The so-called “Khenk Kro” Dam, with a storage capacity exceeding one billion cubic meters and an estimated cost of approximately 120 million US dollars, is officially presented by Rabat as a cornerstone of its “water security strategy.” In reality, it constitutes a direct threat to Algeria’s water, environmental, agricultural, and human security, particularly in the region of Béni Ounif, as well as Béchar and the wider south-western Algerian territories.
From a legal standpoint, this project represents a serious breach of international norms governing shared watercourses. The 1997 United Nations Convention on the Law of the Non-Navigational Uses of International Watercourses, which reflects customary international law, establishes three binding obligations for riparian states:
- The principle of equitable and reasonable utilization;
- The obligation to prevent significant transboundary harm;
- The duty of prior notification, information sharing, and consultation regarding any major project likely to have cross-border impacts.
In the case of the Figuig Dam, all three principles have been deliberately violated. No formal consultation with Algeria has taken place, no joint hydrological or environmental impact assessment has been conducted, and no legally binding guarantees have been offered to prevent harm to downstream Algerian regions.
The consequences, however, are entirely predictable. The massive upstream retention of water will inevitably lead to a severe and long-term reduction in cross-border flows, resulting in the gradual drying up of wadis, the degradation of agricultural land, accelerated depletion of groundwater reserves, and ultimately forced environmental displacement in an already fragile and arid region.

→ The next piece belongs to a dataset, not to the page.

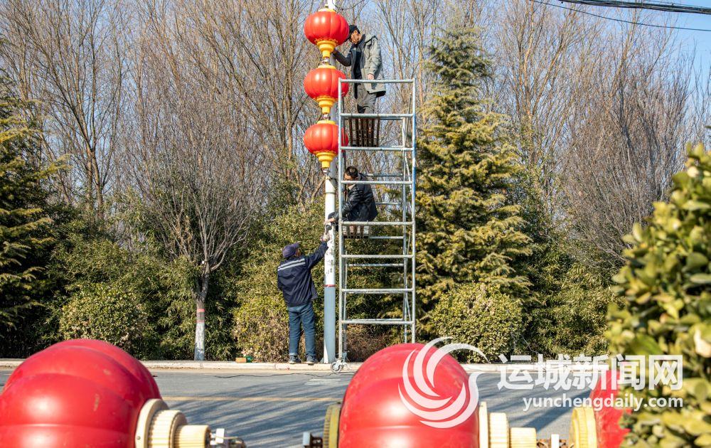 闻喜县后宫乡新阳庄村村民在安装红灯笼,装扮村庄。 记者 金玉敏 摄

This is therefore not a neutral infrastructure project. It is a case of strategic weaponization of water resources. Morocco is transforming a shared natural resource into a tool of geopolitical coercion, exploiting hydrological asymmetry to impose faits accomplis on its eastern neighbor. Such conduct amounts, in substance if not in form, to a silent but systematic water war, whose effects may prove irreversible.
The justifications advanced by Moroccan authorities—flood control, aquifer recharge, or regional agricultural development—do not alter the central reality: significant transboundary harm is unavoidable and knowingly accepted. As the dam reaches full capacity over the coming years, the natural hydrological equilibrium of south-western Algeria will be methodically dismantled.
In this context, silence or inaction would carry grave consequences. The Figuig Dam constitutes a dangerous precedent that demands a firm, multidimensional Algerian response:
- Legally, through the activation of United Nations mechanisms and, if necessary, recourse to the International Court of Justice;
- Diplomatically, by exposing the unilateral and coercive nature of this project on the international stage;
- Strategically, to safeguard Algeria’s long-term water sovereignty and national security.
Water is not a technical detail nor a bargaining chip. It is a core component of sovereignty, stability, and survival. By choosing to instrumentalize it as a means of pressure, Morocco assumes full responsibility for opening a new front of regional confrontation—one that will ultimately be judged under international law and historical accountability.